» Your goal: Where an image appears in the data, omit it and reproduce the rest exactly.

» Raw data:

_ _ _ _ _ _ _

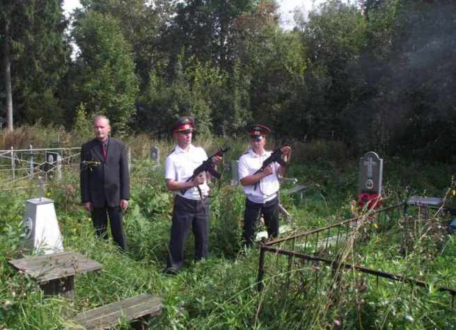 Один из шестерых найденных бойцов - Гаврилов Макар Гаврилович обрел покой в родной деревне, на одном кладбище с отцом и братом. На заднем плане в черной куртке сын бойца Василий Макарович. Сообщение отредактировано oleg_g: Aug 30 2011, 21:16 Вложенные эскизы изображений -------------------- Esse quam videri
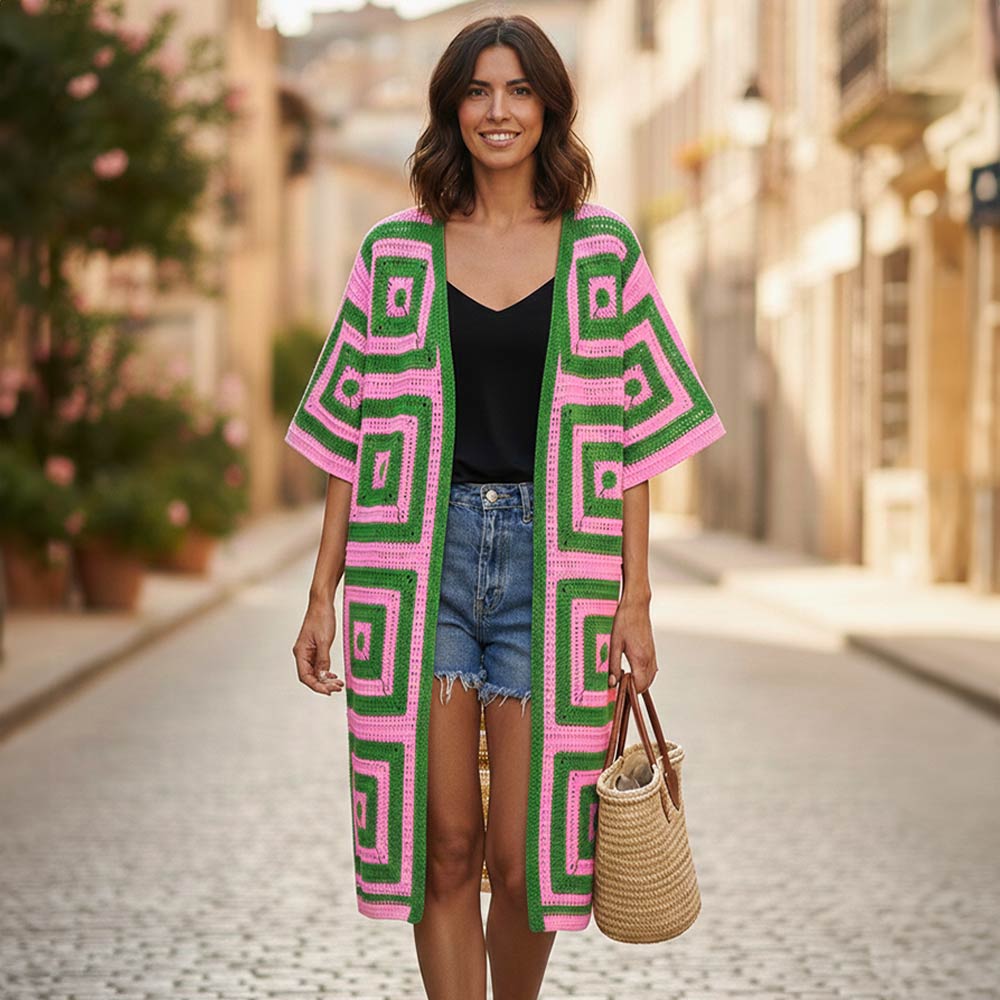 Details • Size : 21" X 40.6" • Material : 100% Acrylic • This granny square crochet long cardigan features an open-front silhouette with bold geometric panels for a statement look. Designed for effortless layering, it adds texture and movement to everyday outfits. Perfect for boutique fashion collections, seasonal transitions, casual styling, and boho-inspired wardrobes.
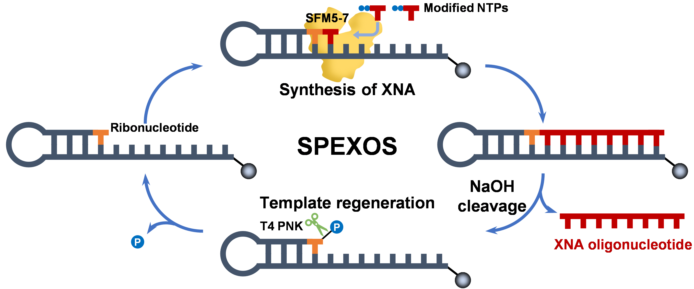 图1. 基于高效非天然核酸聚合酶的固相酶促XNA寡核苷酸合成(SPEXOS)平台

_ _ _ _ _ _ _

» Solution:
 Один из шестерых найденных бойцов - Гаврилов Макар Гаврилович обрел покой в родной деревне, на одном кладбище с отцом и братом. На заднем плане в черной куртке сын бойца Василий Макарович. Сообщение отредактировано oleg_g: Aug 30 2011, 21:16 Вложенные эскизы изображений -------------------- Esse quam videri
 Details • Size : 21" X 40.6" • Material : 100% Acrylic • This granny square crochet long cardigan features an open-front silhouette with bold geometric panels for a statement look. Designed for effortless layering, it adds texture and movement to everyday outfits. Perfect for boutique fashion collections, seasonal transitions, casual styling, and boho-inspired wardrobes.
 图1. 基于高效非天然核酸聚合酶的固相酶促XNA寡核苷酸合成(SPEXOS)平台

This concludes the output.